De Dario Castello (v. 1590- v. 1630 ou v. 1658), presque rien ne nous est
parvenu, hormis les trente œuvres qui nous sont parvenues. Les pages de titre
des recueils de sonates nous apprennent qu’il a dirigé à Venise un groupe de
piffari (cuivres, vents et violes) et qu’il a été musicien à Saint-Marc.
Les sonates de Castello varient dans le choix et le nombre d’instruments. On y
retrouve à la fois l’influence de la canzona associée à Giovanni Gabrieli — avec
ses sections contrastées en tempo et en métrique — et des virtuoses de
l’improvisation que furent les cornettistes Girolamo Dalla Casa et Giovanni
Bassano — avec des envolées et des notes rapides en succession associées au
stile concitato. Parfaitement illustrés dans la Sonata decimasesta, ces éléments
de contraste et de variété correspondent au chiaroscuro et aux formes fluides en
peinture d’un Tintoret, par exemple. Ces sonates de Castello ont connu une large
diffusion au cours de la première moitié du XVIIe siècle, ayant bénéficié de
plusieurs réimpressions jusqu’en 1658.
Antonio Vivaldi (1678-1741) a certainement été un inventeur infatigable dans
presque tous les genres musicaux de son époque, mais en particulier celui du
concerto. En tant que maître de violon à l’Ospedale della Pietà de Venise, il a pu
compter sur un bassin de jeunes femmes virtuoses. Son imagination s’est ainsi
déployée dans plusieurs opus de concertos, dont L’Estro armonico, opus 3 et Il
Cimento dell'Armonia e dell’Inventione, opus 8. Ces recueils de douze concertos
chacun comptent parmi les plus célèbres du prêtre roux. En effet, c’est son
premier recueil de concertos, L’Estro armonico (ou « Caprice harmonique »), qui
le fit connaître partout en Europe, et il renferme ses œuvres jusqu’alors les plus
accomplies. L’envoûtant Concerto pour quatre violons en si mineur est assez
connu par sa transcription pour quatre clavecins par J.S. Bach.
Quant au contenu de l’opus 8 de Vivaldi (dont le titre signifie « Le combat de
l’harmonie et de l’invention »), il est assez rare d’entendre d’autres concertos
que ceux nommés Les Quatre Saisons. Pourtant, le Concerto en sol mineur est
un joyau de couleur, de langueur et de virtuosité, à l’image de la Cité des Doges.

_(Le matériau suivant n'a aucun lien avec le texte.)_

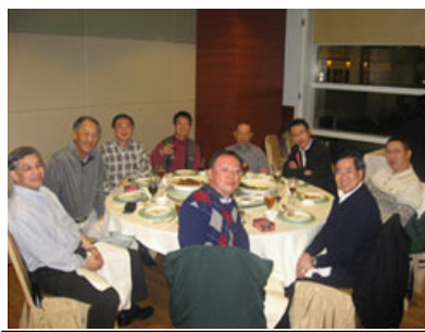
Group picture of all the Golfers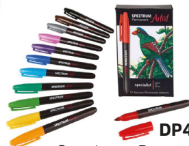
DP429B Spectrum Permanent Colour Markers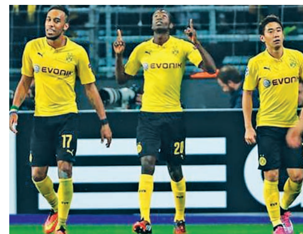
Borussia Dortmund's Adrian Ramos (C) celebrates his goal with team mates Pierre-Emerick Aubameyang (L) and Shinji Kagawa during their Champions League group D soccer match against Anderlecht at Constant Vanden Stock stadium in Brussels on 1 Oct, 2014.

"It was heavy going over the course of 90 minutes and it will still take some time," he said.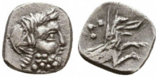
119 Greek Obol, Ca. 350-300 BC. AR. Reference: Condition: Very Fine Weight: 0.5gr Diameter: 8mm 1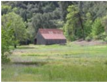
Barn across from the Tenant Farmhouse

Né à Burano, près de Venise — d’où son surnom « Il Buranello » —, Baldassare
Baldassare
Galuppi (1706-1785) a surtout laissé sa marque comme l’une des figures de
proue du développement de l’opera buffa. Il œuvra comme Vivaldi dans les
hospices et comme compositeur d’opéra à Venise, puis au Théâtre du Haymarket
à Londres, comme maître de chapelle à Saint-Marc, et dirigea des opéras à
Saint-Pétersbourg et à Moscou sous le patronage de Catherine II. Il a cependant
relativement peu écrit d’œuvres purement instrumentales ; celles-ci se limitent
principalement à des sonates pour le clavier et à quelques œuvres pour petit
orchestre. Le Concerto a quattro illustre bien son style, à l’orée du classicisme,
d’une belle facture à la fois limpide et séduisante.
De Gabrieli à Galuppi, donc, on aura navigué à travers presque deux siècles de
splendeurs musicales vénitiennes, marquées de théâtralité et d’invention.